EXERCISE GOAL
Return, word for word, only the lines of the data below that lie between the line with "Автотрансформатор ЛАТР Suntek" and the line with "Современный дизайн интерьера, декор", those two lines included.

━━━━━━

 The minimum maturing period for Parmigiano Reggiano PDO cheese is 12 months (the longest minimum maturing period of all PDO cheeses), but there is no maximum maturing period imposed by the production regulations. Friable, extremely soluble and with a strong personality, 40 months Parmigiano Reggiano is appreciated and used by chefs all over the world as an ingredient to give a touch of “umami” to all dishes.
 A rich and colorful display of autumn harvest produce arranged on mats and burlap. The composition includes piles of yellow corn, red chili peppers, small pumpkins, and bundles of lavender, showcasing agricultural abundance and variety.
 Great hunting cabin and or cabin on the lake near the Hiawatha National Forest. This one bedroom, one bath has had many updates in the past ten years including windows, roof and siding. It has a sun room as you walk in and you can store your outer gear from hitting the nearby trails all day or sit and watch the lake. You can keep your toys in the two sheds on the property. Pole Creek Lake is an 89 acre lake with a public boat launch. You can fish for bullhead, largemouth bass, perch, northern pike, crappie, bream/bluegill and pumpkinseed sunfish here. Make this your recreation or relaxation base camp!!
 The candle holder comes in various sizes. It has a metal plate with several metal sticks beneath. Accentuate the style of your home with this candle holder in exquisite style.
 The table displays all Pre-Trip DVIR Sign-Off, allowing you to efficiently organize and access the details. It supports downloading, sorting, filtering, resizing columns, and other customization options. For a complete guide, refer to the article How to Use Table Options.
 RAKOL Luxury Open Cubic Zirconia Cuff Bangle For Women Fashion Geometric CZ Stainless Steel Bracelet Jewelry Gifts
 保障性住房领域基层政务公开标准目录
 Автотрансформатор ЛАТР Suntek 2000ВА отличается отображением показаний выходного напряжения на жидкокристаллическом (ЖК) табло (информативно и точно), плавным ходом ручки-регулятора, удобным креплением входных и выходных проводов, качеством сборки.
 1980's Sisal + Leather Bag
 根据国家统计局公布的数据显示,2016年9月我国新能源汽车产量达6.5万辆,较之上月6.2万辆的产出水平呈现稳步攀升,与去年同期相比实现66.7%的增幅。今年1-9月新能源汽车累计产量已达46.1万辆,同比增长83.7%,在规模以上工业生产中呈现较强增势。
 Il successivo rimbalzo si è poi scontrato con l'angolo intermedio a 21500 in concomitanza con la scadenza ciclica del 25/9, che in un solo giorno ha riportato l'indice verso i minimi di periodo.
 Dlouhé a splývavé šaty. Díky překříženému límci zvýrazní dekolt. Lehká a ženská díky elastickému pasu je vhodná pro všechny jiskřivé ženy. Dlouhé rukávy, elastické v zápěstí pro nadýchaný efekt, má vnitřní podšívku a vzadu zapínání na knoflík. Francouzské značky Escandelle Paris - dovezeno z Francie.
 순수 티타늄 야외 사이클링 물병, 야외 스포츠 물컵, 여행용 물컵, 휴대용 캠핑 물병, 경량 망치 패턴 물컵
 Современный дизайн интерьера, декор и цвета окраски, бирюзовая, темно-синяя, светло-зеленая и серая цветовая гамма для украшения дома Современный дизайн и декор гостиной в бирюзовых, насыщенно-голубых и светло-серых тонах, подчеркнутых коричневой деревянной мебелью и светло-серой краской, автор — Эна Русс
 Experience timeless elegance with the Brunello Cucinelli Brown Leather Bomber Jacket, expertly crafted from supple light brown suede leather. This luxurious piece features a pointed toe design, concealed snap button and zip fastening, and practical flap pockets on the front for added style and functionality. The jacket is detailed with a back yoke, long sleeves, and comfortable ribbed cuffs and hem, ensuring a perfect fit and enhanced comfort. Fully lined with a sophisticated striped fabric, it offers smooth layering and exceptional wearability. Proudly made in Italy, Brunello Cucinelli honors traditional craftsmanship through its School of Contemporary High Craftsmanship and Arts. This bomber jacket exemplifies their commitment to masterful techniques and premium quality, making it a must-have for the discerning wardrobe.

━━━━━━

FINISHED TASK
 Автотрансформатор ЛАТР Suntek 2000ВА отличается отображением показаний выходного напряжения на жидкокристаллическом (ЖК) табло (информативно и точно), плавным ходом ручки-регулятора, удобным креплением входных и выходных проводов, качеством сборки.
 1980's Sisal + Leather Bag
 根据国家统计局公布的数据显示,2016年9月我国新能源汽车产量达6.5万辆,较之上月6.2万辆的产出水平呈现稳步攀升,与去年同期相比实现66.7%的增幅。今年1-9月新能源汽车累计产量已达46.1万辆,同比增长83.7%,在规模以上工业生产中呈现较强增势。
 Il successivo rimbalzo si è poi scontrato con l'angolo intermedio a 21500 in concomitanza con la scadenza ciclica del 25/9, che in un solo giorno ha riportato l'indice verso i minimi di periodo.
 Dlouhé a splývavé šaty. Díky překříženému límci zvýrazní dekolt. Lehká a ženská díky elastickému pasu je vhodná pro všechny jiskřivé ženy. Dlouhé rukávy, elastické v zápěstí pro nadýchaný efekt, má vnitřní podšívku a vzadu zapínání na knoflík. Francouzské značky Escandelle Paris - dovezeno z Francie.
 순수 티타늄 야외 사이클링 물병, 야외 스포츠 물컵, 여행용 물컵, 휴대용 캠핑 물병, 경량 망치 패턴 물컵
 Современный дизайн интерьера, декор и цвета окраски, бирюзовая, темно-синяя, светло-зеленая и серая цветовая гамма для украшения дома Современный дизайн и декор гостиной в бирюзовых, насыщенно-голубых и светло-серых тонах, подчеркнутых коричневой деревянной мебелью и светло-серой краской, автор — Эна Русс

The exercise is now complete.